Table 1: Future Rainfall and Temperature Change Projections in Peninsular Malaysia by 2050 Click here to View table

Climate Change and Malaysian Agriculture

The global effect of climate change on agricultural production is minimum to moderate, where regional impacts are significant for many areas. Regional variations in gains and losses result in a slight overall changes in world cereal grain productivity. Some studies addressed climate change impacts on rice yields, which vary greatly, in South and Southeast Asia (Matthews et al., 1994a, 1994b). Climatic impacts on agriculture span a wide range depending on the climate scenario, geographical scope, and study. While large changes were predicted for China, to a certain extent warming would be beneficial with yield increasing due to diversification of cropping systems.

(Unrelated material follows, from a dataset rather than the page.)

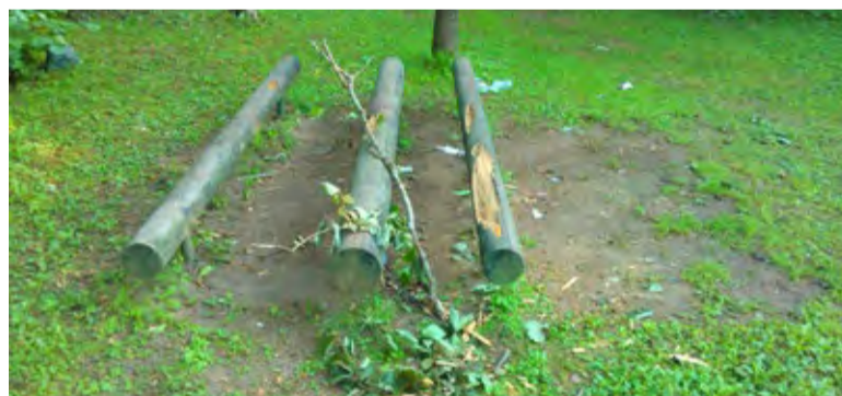
◇ Pildil olevad poomid lõiguti puruks 2. või 3. augustil

Palume inimestel, kes nägid või teavad midagi, sellest teada anda Saue Linnavaralduse telefonil 6595611 või politseile.

In case of Japan, the positive effects of CO₂ on rice yields would be generally more than offset any negative climatic effects (MOSTE, 2001). Under current climate change scenario, temperature above 25^oC may decline grain mass of 4.4% per 1^oC rise (Tashiro and Wardlaw, 1989), and grain yield may decline as much as 9.6%-10.0% per 1^oC rise (Baker and Allen, 1993), where average temperature in rice growing areas in Malaysia is about 26^oC. Singh et al., (1996) mentioned that the actual farm yields of rice in Malaysia vary from 3-5 tons per hectare, where potential yield is 7.2 tons.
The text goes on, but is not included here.